[PROBLEM] Copy each line of the records below that mentions the word "piece".

[Extracted data entries]
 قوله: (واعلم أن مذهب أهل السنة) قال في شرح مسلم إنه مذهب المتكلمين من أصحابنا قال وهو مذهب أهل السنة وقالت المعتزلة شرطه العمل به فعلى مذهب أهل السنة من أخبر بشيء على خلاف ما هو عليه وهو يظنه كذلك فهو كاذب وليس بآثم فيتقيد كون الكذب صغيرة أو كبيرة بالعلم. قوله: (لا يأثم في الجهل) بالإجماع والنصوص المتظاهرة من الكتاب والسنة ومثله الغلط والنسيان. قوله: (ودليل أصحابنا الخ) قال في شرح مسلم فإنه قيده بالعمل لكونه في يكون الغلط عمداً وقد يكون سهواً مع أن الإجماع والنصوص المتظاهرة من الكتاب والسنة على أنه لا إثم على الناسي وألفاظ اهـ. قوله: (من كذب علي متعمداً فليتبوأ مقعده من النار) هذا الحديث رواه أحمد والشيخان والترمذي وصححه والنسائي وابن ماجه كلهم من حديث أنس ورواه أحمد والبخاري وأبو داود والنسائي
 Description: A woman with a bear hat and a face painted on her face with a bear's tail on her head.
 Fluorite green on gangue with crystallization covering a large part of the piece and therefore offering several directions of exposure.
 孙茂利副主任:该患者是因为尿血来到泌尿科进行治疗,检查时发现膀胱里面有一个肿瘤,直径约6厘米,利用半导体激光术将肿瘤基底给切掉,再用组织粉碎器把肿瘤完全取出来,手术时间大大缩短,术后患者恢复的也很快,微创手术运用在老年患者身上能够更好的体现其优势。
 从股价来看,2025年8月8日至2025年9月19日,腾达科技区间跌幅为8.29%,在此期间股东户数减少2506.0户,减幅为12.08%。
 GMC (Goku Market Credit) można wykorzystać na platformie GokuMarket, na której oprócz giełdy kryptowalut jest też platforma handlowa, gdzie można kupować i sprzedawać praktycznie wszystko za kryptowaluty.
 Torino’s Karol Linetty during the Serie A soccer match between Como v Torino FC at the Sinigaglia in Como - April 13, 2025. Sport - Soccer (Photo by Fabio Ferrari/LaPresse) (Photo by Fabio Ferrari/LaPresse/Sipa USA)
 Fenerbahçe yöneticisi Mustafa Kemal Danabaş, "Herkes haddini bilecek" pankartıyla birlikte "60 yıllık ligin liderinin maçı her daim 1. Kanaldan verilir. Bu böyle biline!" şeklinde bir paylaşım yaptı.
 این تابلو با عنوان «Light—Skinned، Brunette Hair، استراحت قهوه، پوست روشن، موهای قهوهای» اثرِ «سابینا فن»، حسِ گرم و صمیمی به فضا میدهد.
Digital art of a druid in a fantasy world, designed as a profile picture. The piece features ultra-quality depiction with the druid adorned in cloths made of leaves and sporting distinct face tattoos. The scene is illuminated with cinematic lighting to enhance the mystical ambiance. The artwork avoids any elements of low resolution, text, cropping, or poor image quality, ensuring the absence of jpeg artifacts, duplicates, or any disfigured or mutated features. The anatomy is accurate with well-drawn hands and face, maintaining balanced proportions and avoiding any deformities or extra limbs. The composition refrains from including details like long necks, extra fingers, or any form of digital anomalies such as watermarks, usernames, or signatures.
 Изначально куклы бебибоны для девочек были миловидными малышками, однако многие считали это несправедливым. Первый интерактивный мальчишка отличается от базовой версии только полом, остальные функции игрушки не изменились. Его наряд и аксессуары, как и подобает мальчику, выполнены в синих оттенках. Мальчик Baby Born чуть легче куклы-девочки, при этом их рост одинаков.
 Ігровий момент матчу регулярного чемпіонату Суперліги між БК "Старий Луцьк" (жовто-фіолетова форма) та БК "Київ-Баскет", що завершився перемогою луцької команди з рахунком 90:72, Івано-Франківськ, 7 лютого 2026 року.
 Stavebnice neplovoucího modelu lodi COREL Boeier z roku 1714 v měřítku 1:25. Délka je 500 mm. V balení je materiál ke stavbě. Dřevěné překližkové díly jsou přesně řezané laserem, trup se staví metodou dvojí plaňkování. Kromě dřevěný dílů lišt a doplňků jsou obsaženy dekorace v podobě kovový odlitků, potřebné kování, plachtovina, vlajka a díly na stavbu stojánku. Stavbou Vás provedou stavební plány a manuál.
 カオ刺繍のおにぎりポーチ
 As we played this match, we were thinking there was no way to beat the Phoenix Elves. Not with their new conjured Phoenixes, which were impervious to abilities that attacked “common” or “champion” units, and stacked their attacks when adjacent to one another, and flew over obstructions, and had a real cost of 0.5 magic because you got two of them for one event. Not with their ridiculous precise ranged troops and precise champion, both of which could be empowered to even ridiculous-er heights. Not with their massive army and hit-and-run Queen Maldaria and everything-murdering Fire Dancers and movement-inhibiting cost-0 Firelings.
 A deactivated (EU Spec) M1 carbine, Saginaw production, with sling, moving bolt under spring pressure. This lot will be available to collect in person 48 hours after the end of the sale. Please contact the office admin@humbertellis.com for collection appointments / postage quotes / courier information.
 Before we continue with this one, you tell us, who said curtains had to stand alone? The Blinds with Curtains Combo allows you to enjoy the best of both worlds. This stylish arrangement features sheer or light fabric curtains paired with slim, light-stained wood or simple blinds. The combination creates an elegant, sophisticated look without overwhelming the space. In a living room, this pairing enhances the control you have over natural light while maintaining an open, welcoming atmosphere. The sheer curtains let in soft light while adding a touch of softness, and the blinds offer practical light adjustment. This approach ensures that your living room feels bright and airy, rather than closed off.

[SOLUTION]
 Fluorite green on gangue with crystallization covering a large part of the piece and therefore offering several directions of exposure.
Digital art of a druid in a fantasy world, designed as a profile picture. The piece features ultra-quality depiction with the druid adorned in cloths made of leaves and sporting distinct face tattoos. The scene is illuminated with cinematic lighting to enhance the mystical ambiance. The artwork avoids any elements of low resolution, text, cropping, or poor image quality, ensuring the absence of jpeg artifacts, duplicates, or any disfigured or mutated features. The anatomy is accurate with well-drawn hands and face, maintaining balanced proportions and avoiding any deformities or extra limbs. The composition refrains from including details like long necks, extra fingers, or any form of digital anomalies such as watermarks, usernames, or signatures.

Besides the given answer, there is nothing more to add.